• ENTRIES SUPPLIED:
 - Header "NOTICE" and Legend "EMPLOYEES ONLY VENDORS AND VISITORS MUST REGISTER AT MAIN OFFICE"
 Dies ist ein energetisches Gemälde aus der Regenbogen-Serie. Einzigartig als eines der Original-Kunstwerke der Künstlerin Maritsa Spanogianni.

--

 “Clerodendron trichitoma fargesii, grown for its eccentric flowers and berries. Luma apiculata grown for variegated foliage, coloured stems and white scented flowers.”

• AIM OF THE EXERCISE:
Restate word for word the lines of the data above, starting at the line containing "ONLY VENDORS AND" and ending at the line containing "Dies ist ein", both included, and nothing more.

• TASK OUTPUT:
 - Header "NOTICE" and Legend "EMPLOYEES ONLY VENDORS AND VISITORS MUST REGISTER AT MAIN OFFICE"
 Dies ist ein energetisches Gemälde aus der Regenbogen-Serie. Einzigartig als eines der Original-Kunstwerke der Künstlerin Maritsa Spanogianni.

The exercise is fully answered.